Gli anni ottanta si caratterizzano con un processo di finanziarizzazione dell’economia mondiale senza precedenti. Gli Usa cercano di assurgere, dato l’inarrestabile declino del loro apparato industriale, a potenza dominante principalmente sul piano finanziario e militare mentre europei e giapponesi, forti delle massicce ristrutturazioni industriali avviate alla fine degli anni settanta, rafforzano decisamente le loro posizioni nel commercio mondiale. In questi anni si assiste a una ondata speculativa senza precedenti. Gli Usa ovviamente la trainano con una spregiudicata politica finanziaria basata sugli alti tassi di sconto. Di conseguenza enormi quantità di denaro giungono negli Usa.
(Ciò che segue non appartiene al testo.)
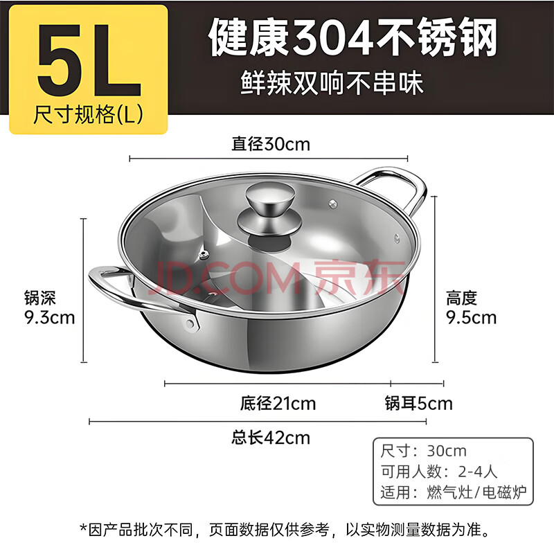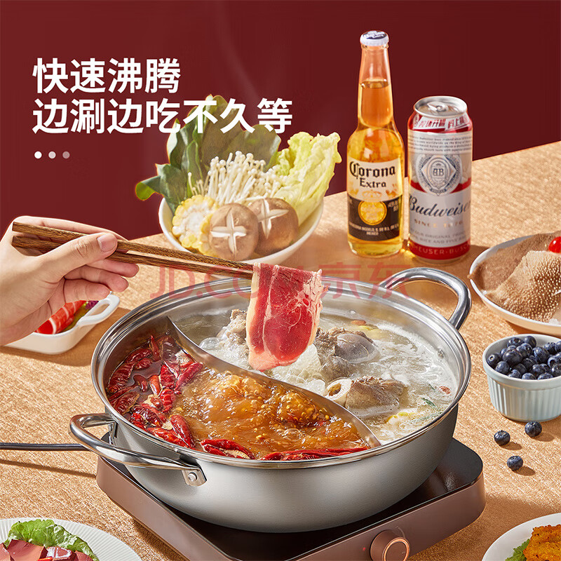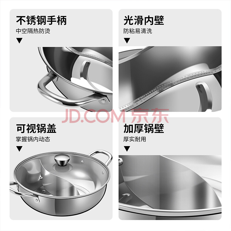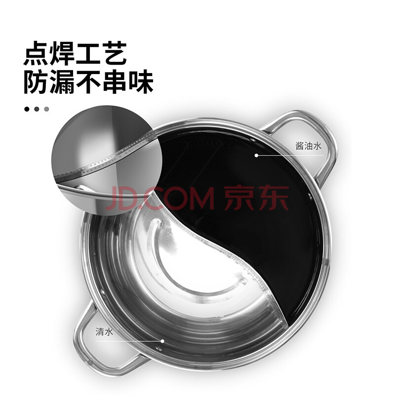 商品相册:炊大皇 鸳鸯火锅30cm 304不锈钢 易洁火锅盆汤锅电磁炉通用 4-6人第1张/共7

Però si tratta esclusivamente dell’avvitarsi su se stessa della speculazione finanziaria dato che l’economia reale, quella della produzione, permane ormai da anni in uno stato di stagnazione. La cosiddetta bolla speculativa svanisce nel 1992 quando la più grave recessione del dopoguerra attanaglia l’economia mondiale. L’economia americana é la prima a bloccarsi, seguono poi quella europea e giapponese. In alcuni casi si tratta di una vera e propria depressione dato che gli indici della crescita della produzione industriale assumono valori negativi.

A questo punto le crisi economiche dell’est e dell’ovest si incontrano e si influenzano reciprocamente anche attraverso le ripercussioni politiche della disgregazione dell’impero sovietico. In occidente non erano ancora terminati i festeggiamenti per l’abbattimento del muro di Berlino e per il presunto trionfo del capitalismo sul comunismo, che già si avvertiva il vento gelido della depressione che si abbatteva sulla economia americana e, di conseguenza, su tutto il mondo. La stessa riunificazione tedesca, resasi possibile solo dopo il tonfo dell’Unione sovietica, doveva trasformarsi in soli due anni in uno dei fattori aggravanti la crisi economica mondiale. Intanto, sparita l’Unione sovietica dalla scena dello scontro imperialistico, si delineavano nuovi ed altrettanto potenti fattori di contesa tra la Germania e il Giappone da una parte, nuovi giganti dell’economia mondiale, e gli Usa dall’altra. Soprattutto la Germania, affamata di capitali per l’ingente sforzo finanziario della riunificazione, ingaggiava con gli Usa una decisa competizione finanziaria attraverso la politica dell’alto tasso di sconto. È il colpo di grazia all’economia europea intera costretta ad inseguire la politica tedesca con dei tassi di sconto che strozzano ancora di più ogni attività produttiva.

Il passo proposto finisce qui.